Data under study:
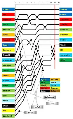 Stewart gewann das Rennen schließlich souverän. Sein Teamkollege Cevert komplettierte einen Tyrrell-Doppelsieg.[4]
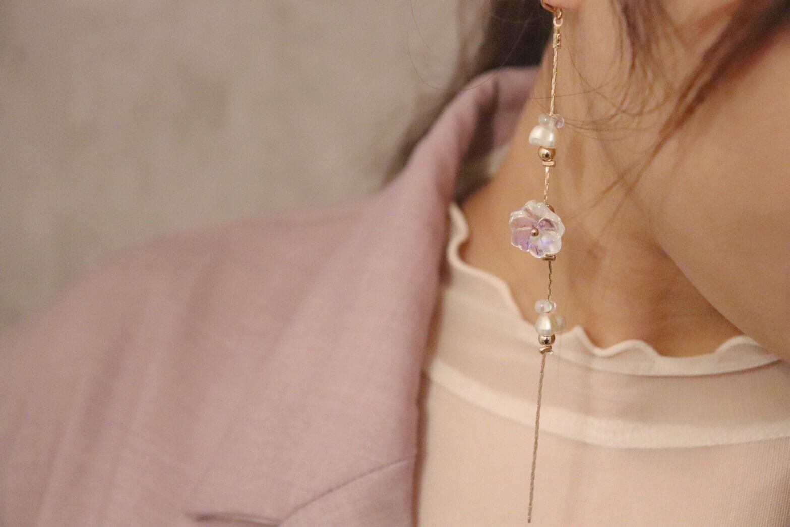 小さな1輪の花を纏ったアクセサリー
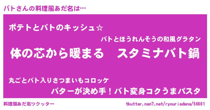 | 女子向けラノベタイトル風あだ名 | 『バトの雑貨屋さん』『バト恋絵巻』 |
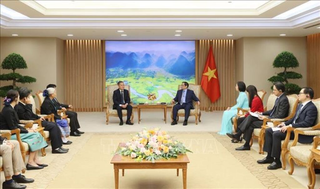 | Prime Minister Pham Minh Chinh hosted a reception for General Director of Lao News Agency Khampheuy Philapha in Hanoi on July 24.__(Photo: Duong Giang/VNA) |
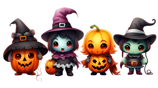 Cute halloween cartoon characters isolated on white background. Generative AI.
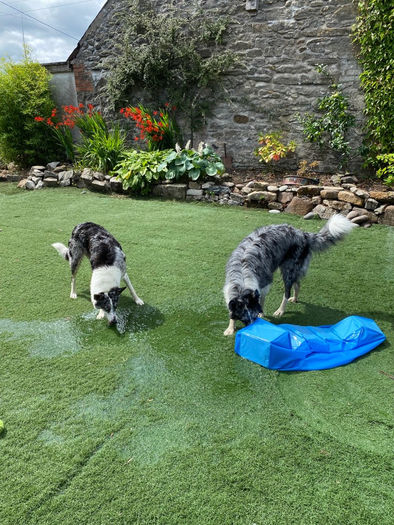 So this is my view now. It’s lovely and sunny again… and warm despite being 7pm. The dogs have been fed and are playing around in the sun.
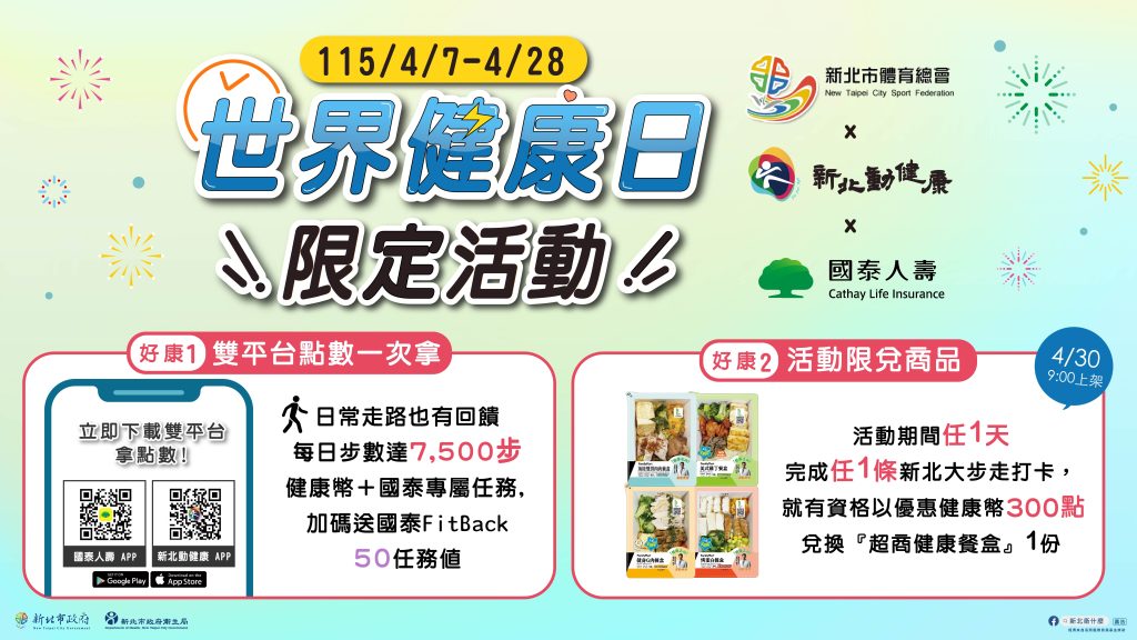 為響應4月7日「世界健康日」,在新北市體育總會大力推動全民運動風氣的引領下,新北市衛生局整合「新北動健康」平台資源,攜手國泰人壽推出「雙平台回饋」,鼓勵市民培養規律運動習慣,將運動融入日常生活,打造健康生活型態。
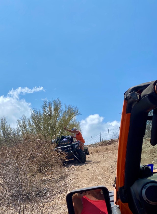 This wasn’t a snorkel gear situation, this was an actual problem.  Somehow these two intelligent women managed to get themselves into a bit of a mess.  By this time of day, the temperature is in the upper 90’s but feels well above 100.  The landscape is full of cacti and scrub brush offering little to no shade.  They had tried to move the vehicle themselves for more than an hour.  Now, while I won’t share their ages, let’s just say these women are not spring chickens in an under 50 sort of way.  These mature ladies ride ATV’s out into some of the most secluded and beautiful places multiple times a week and definitely know how to handle themselves, so if they are asking for assistance…it can’t be good.
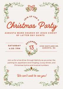 You may then enter the church and appetizers will be served from the kitchen, and you can mingle with our ward family until everyone has had a chance to drive though the nativity. Dinner will then be served. Please bring a dish to share if you are able, as it will be potluck-style.
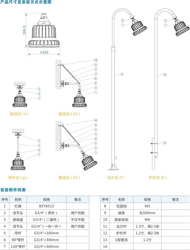 • 可加装内置应急装置,作停电应急照明用;如需订货时请注明。
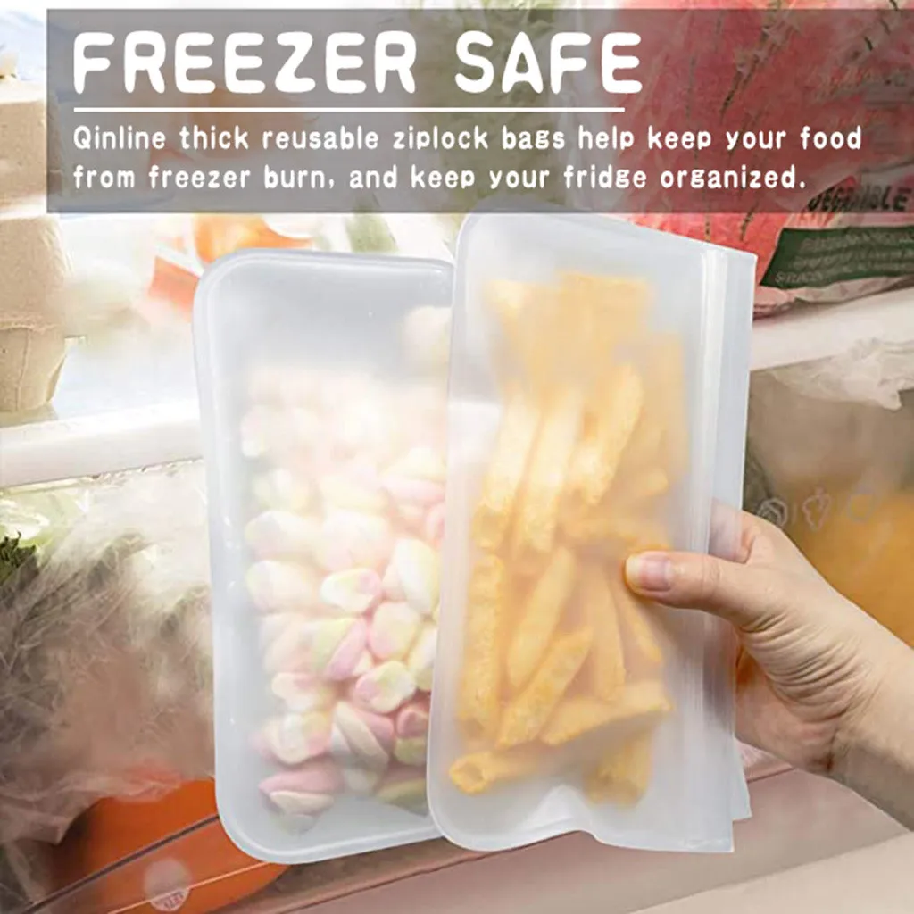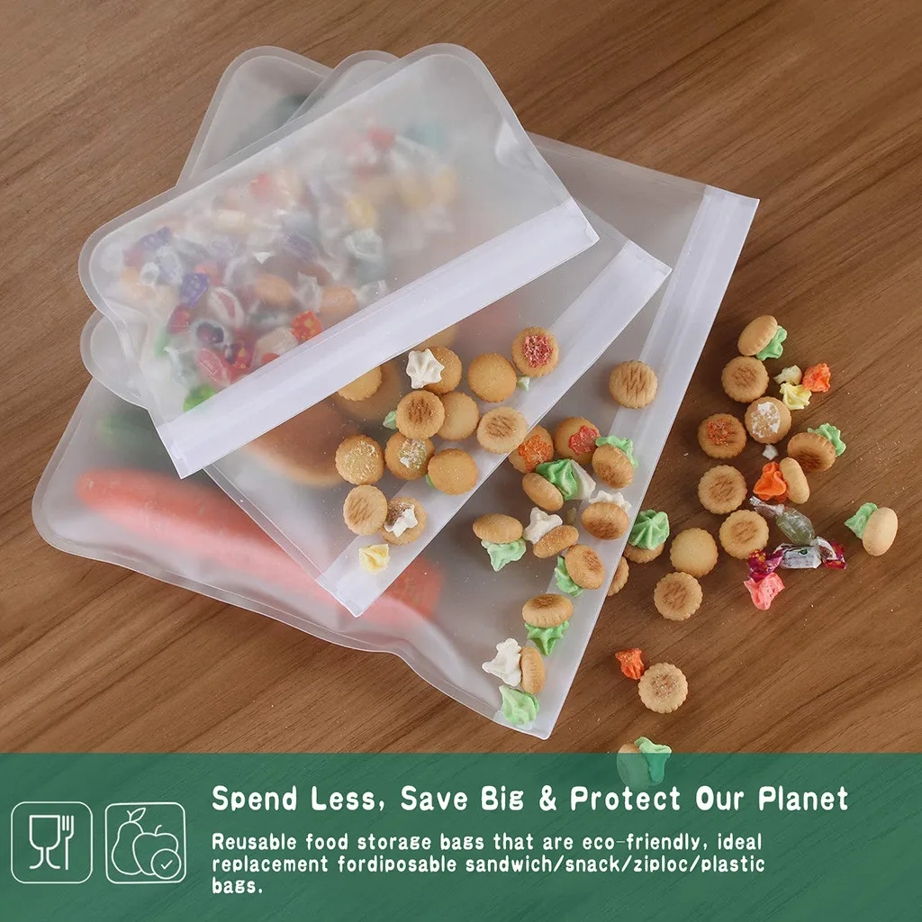 4. Многоцелевые многоразовые пищевые пакеты отлично подходят для маринования мяса, приготовления еды, замороженных продуктов, зерновых, печенья, вязальных материалов, канцелярских принадлежностей и сэндвич-пакетов, закусок, обеда, овощей, фруктов, детская еда, косметика, ювелирный макияж, канцелярские принадлежности, путешествия и многое другое. Прозрачный дизайн позволяет быстро смотреть на содержимое внутри,
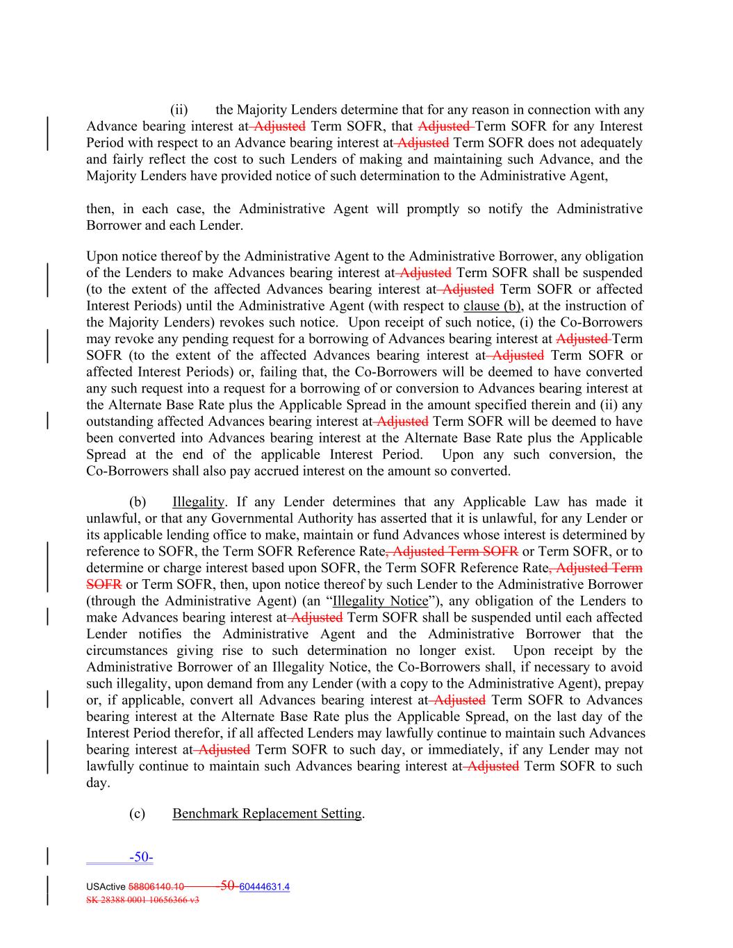 (ii) the Majority Lenders determine that for any reason in connection with any Advance bearing interest at Adjusted Term SOFR, that Adjusted Term SOFR for any Interest Period with respect to an Advance bearing interest at Adjusted Term SOFR does not adequately and fairly reflect the cost to such Lenders of making and maintaining such Advance, and the Majority Lenders have provided notice of such determination to the Administrative Agent, then, in each case, the Administrative Agent will promptly so notify the Administrative Borrower and each Lender. Upon notice thereof by the Administrative Agent to the Administrative Borrower, any obligation of the Lenders to make Advances bearing interest at Adjusted Term SOFR shall be suspended (to the extent of the affected Advances bearing interest at Adjusted Term SOFR or affected Interest Periods) until the Administrative Agent (with respect to clause (b), at the instruction of the Majority Lenders) revokes such notice. Upon receipt of such notice, (i) the Co-Borrowers may revoke any pending request for a borrowing of Advances bearing interest at Adjusted Term SOFR (to the extent of the affected Advances bearing interest at Adjusted Term SOFR or affected Interest Periods) or, failing that, the Co-Borrowers will be deemed to have converted any such request into a request for a borrowing of or conversion to Advances bearing interest at the Alternate Base Rate plus the Applicable Spread in the amount specified therein and (ii) any outstanding affected Advances bearing interest at Adjusted Term SOFR will be deemed to have been converted into Advances bearing interest at the Alternate Base Rate plus the Applicable Spread at the end of the applicable Interest Period. Upon any such conversion, the Co-Borrowers shall also pay accrued interest on the amount so converted. (b) Illegality. If any Lender determines that any Applicable Law has made it unlawful, or that any Governmental Authority has asserted that it is unlawful, for any Lender or its applicable lending office to make, maintain or fund Advances whose interest is determined by reference to SOFR, the Term SOFR Reference Rate, Adjusted Term SOFR or Term SOFR, or to determine or charge interest based upon SOFR, the Term SOFR Reference Rate, Adjusted Term SOFR or Term SOFR, then, upon notice thereof by such Lender to the Administrative Borrower (through the Administrative Agent) (an “Illegality Notice”), any obligation of the Lenders to make Advances bearing interest at Adjusted Term SOFR shall be suspended until each affected Lender notifies the Administrative Agent and the Administrative Borrower that the circumstances giving rise to such determination no longer exist. Upon receipt by the Administrative Borrower of an Illegality Notice, the Co-Borrowers shall, if necessary to avoid such illegality, upon demand from any Lender (with a copy to the Administrative Agent), prepay or, if applicable, convert all Advances bearing interest at Adjusted Term SOFR to Advances bearing interest at the Alternate Base Rate plus the Applicable Spread, on the last day of the Interest Period therefor, if all affected Lenders may lawfully continue to maintain such Advances bearing interest at Adjusted Term SOFR to such day, or immediately, if any Lender may not lawfully continue to maintain such Advances bearing interest at Adjusted Term SOFR to such day. (c) Benchmark Replacement Setting. -50- USActive 58806140.10 -50-60444631.4 SK 28388 0001 10656366 v3
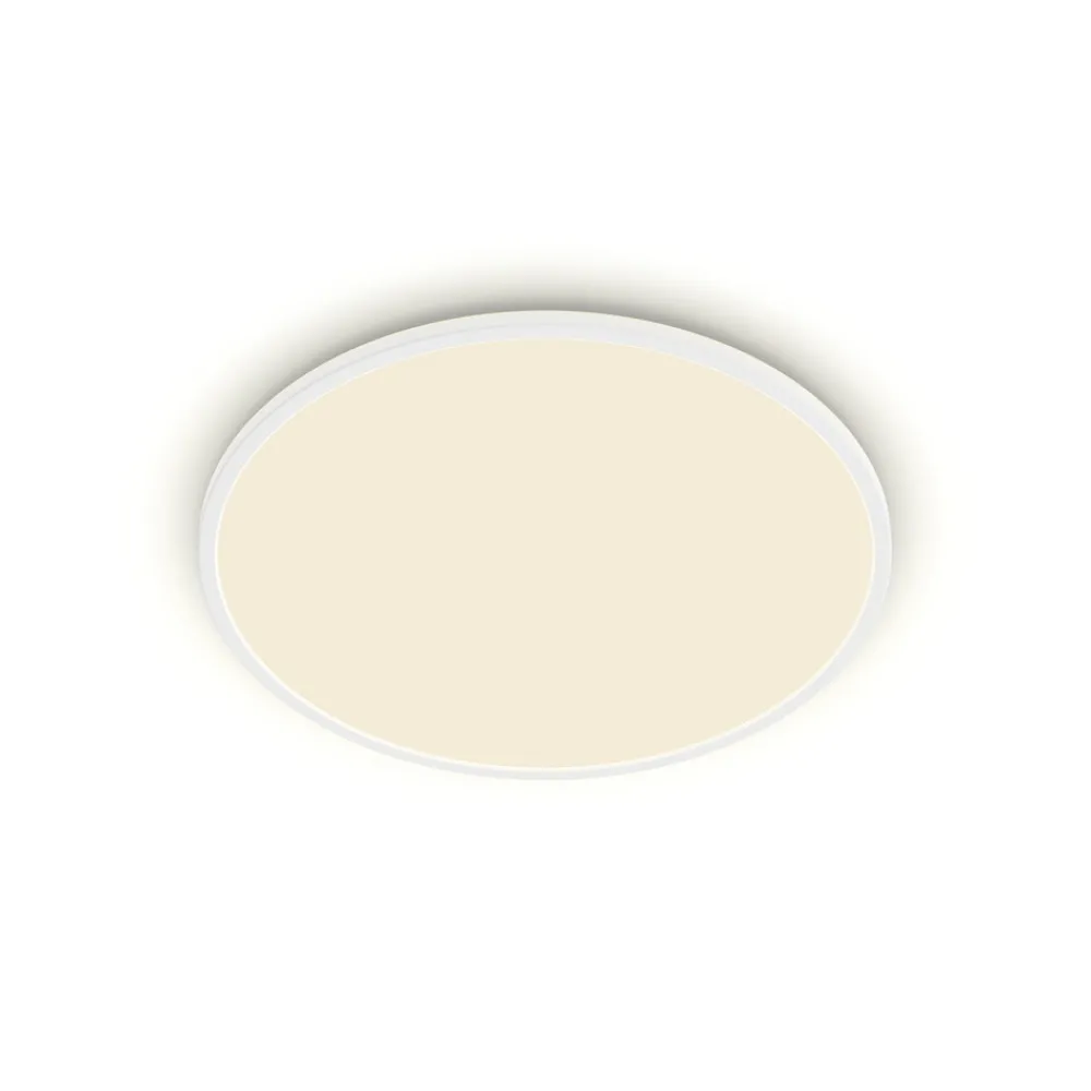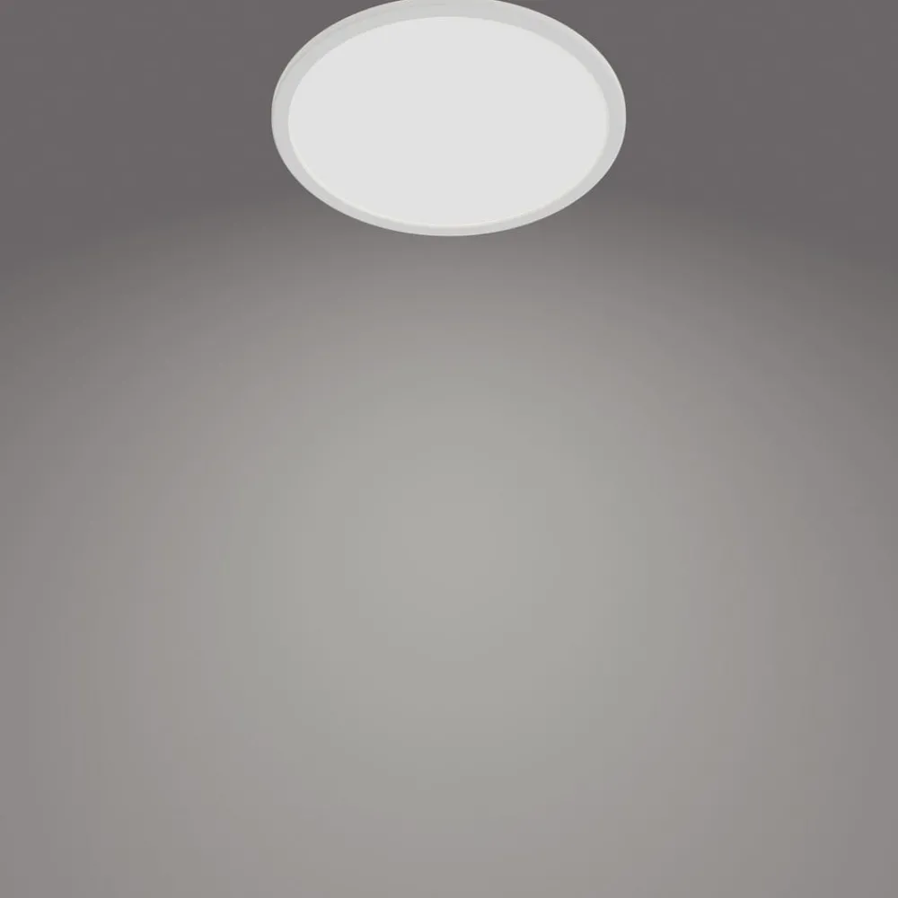 LED-taklampe Superslim IP44 rund, dimbar via lysbryterDet universelle hvite lyset til denne runde LED-taklampen kan byttes til tre lysstyrkenivåer (100%, 50% eller 10%) via lysbryteren.Armaturen oppfyller EyeComfort-kriteriene utviklet av Philips. Den gir et behagelig lys som er skånsomt for øynene. Takket være beskyttelsesklasse IP44 er den perfekt egnet for baderom og andre fuktige områder.med minnefunksjon- også egnet for veggmontering

Task details: Everything in the records except the pictures should be retyped exactly.

Answer to this task:
 Stewart gewann das Rennen schließlich souverän. Sein Teamkollege Cevert komplettierte einen Tyrrell-Doppelsieg.[4]
 小さな1輪の花を纏ったアクセサリー
 | 女子向けラノベタイトル風あだ名 | 『バトの雑貨屋さん』『バト恋絵巻』 |
 | Prime Minister Pham Minh Chinh hosted a reception for General Director of Lao News Agency Khampheuy Philapha in Hanoi on July 24.__(Photo: Duong Giang/VNA) |
 Cute halloween cartoon characters isolated on white background. Generative AI.
 So this is my view now. It’s lovely and sunny again… and warm despite being 7pm. The dogs have been fed and are playing around in the sun.
 為響應4月7日「世界健康日」,在新北市體育總會大力推動全民運動風氣的引領下,新北市衛生局整合「新北動健康」平台資源,攜手國泰人壽推出「雙平台回饋」,鼓勵市民培養規律運動習慣,將運動融入日常生活,打造健康生活型態。
 This wasn’t a snorkel gear situation, this was an actual problem.  Somehow these two intelligent women managed to get themselves into a bit of a mess.  By this time of day, the temperature is in the upper 90’s but feels well above 100.  The landscape is full of cacti and scrub brush offering little to no shade.  They had tried to move the vehicle themselves for more than an hour.  Now, while I won’t share their ages, let’s just say these women are not spring chickens in an under 50 sort of way.  These mature ladies ride ATV’s out into some of the most secluded and beautiful places multiple times a week and definitely know how to handle themselves, so if they are asking for assistance…it can’t be good.
 You may then enter the church and appetizers will be served from the kitchen, and you can mingle with our ward family until everyone has had a chance to drive though the nativity. Dinner will then be served. Please bring a dish to share if you are able, as it will be potluck-style.
 • 可加装内置应急装置,作停电应急照明用;如需订货时请注明。
 4. Многоцелевые многоразовые пищевые пакеты отлично подходят для маринования мяса, приготовления еды, замороженных продуктов, зерновых, печенья, вязальных материалов, канцелярских принадлежностей и сэндвич-пакетов, закусок, обеда, овощей, фруктов, детская еда, косметика, ювелирный макияж, канцелярские принадлежности, путешествия и многое другое. Прозрачный дизайн позволяет быстро смотреть на содержимое внутри,
 (ii) the Majority Lenders determine that for any reason in connection with any Advance bearing interest at Adjusted Term SOFR, that Adjusted Term SOFR for any Interest Period with respect to an Advance bearing interest at Adjusted Term SOFR does not adequately and fairly reflect the cost to such Lenders of making and maintaining such Advance, and the Majority Lenders have provided notice of such determination to the Administrative Agent, then, in each case, the Administrative Agent will promptly so notify the Administrative Borrower and each Lender. Upon notice thereof by the Administrative Agent to the Administrative Borrower, any obligation of the Lenders to make Advances bearing interest at Adjusted Term SOFR shall be suspended (to the extent of the affected Advances bearing interest at Adjusted Term SOFR or affected Interest Periods) until the Administrative Agent (with respect to clause (b), at the instruction of the Majority Lenders) revokes such notice. Upon receipt of such notice, (i) the Co-Borrowers may revoke any pending request for a borrowing of Advances bearing interest at Adjusted Term SOFR (to the extent of the affected Advances bearing interest at Adjusted Term SOFR or affected Interest Periods) or, failing that, the Co-Borrowers will be deemed to have converted any such request into a request for a borrowing of or conversion to Advances bearing interest at the Alternate Base Rate plus the Applicable Spread in the amount specified therein and (ii) any outstanding affected Advances bearing interest at Adjusted Term SOFR will be deemed to have been converted into Advances bearing interest at the Alternate Base Rate plus the Applicable Spread at the end of the applicable Interest Period. Upon any such conversion, the Co-Borrowers shall also pay accrued interest on the amount so converted. (b) Illegality. If any Lender determines that any Applicable Law has made it unlawful, or that any Governmental Authority has asserted that it is unlawful, for any Lender or its applicable lending office to make, maintain or fund Advances whose interest is determined by reference to SOFR, the Term SOFR Reference Rate, Adjusted Term SOFR or Term SOFR, or to determine or charge interest based upon SOFR, the Term SOFR Reference Rate, Adjusted Term SOFR or Term SOFR, then, upon notice thereof by such Lender to the Administrative Borrower (through the Administrative Agent) (an “Illegality Notice”), any obligation of the Lenders to make Advances bearing interest at Adjusted Term SOFR shall be suspended until each affected Lender notifies the Administrative Agent and the Administrative Borrower that the circumstances giving rise to such determination no longer exist. Upon receipt by the Administrative Borrower of an Illegality Notice, the Co-Borrowers shall, if necessary to avoid such illegality, upon demand from any Lender (with a copy to the Administrative Agent), prepay or, if applicable, convert all Advances bearing interest at Adjusted Term SOFR to Advances bearing interest at the Alternate Base Rate plus the Applicable Spread, on the last day of the Interest Period therefor, if all affected Lenders may lawfully continue to maintain such Advances bearing interest at Adjusted Term SOFR to such day, or immediately, if any Lender may not lawfully continue to maintain such Advances bearing interest at Adjusted Term SOFR to such day. (c) Benchmark Replacement Setting. -50- USActive 58806140.10 -50-60444631.4 SK 28388 0001 10656366 v3
 LED-taklampe Superslim IP44 rund, dimbar via lysbryterDet universelle hvite lyset til denne runde LED-taklampen kan byttes til tre lysstyrkenivåer (100%, 50% eller 10%) via lysbryteren.Armaturen oppfyller EyeComfort-kriteriene utviklet av Philips. Den gir et behagelig lys som er skånsomt for øynene. Takket være beskyttelsesklasse IP44 er den perfekt egnet for baderom og andre fuktige områder.med minnefunksjon- også egnet for veggmontering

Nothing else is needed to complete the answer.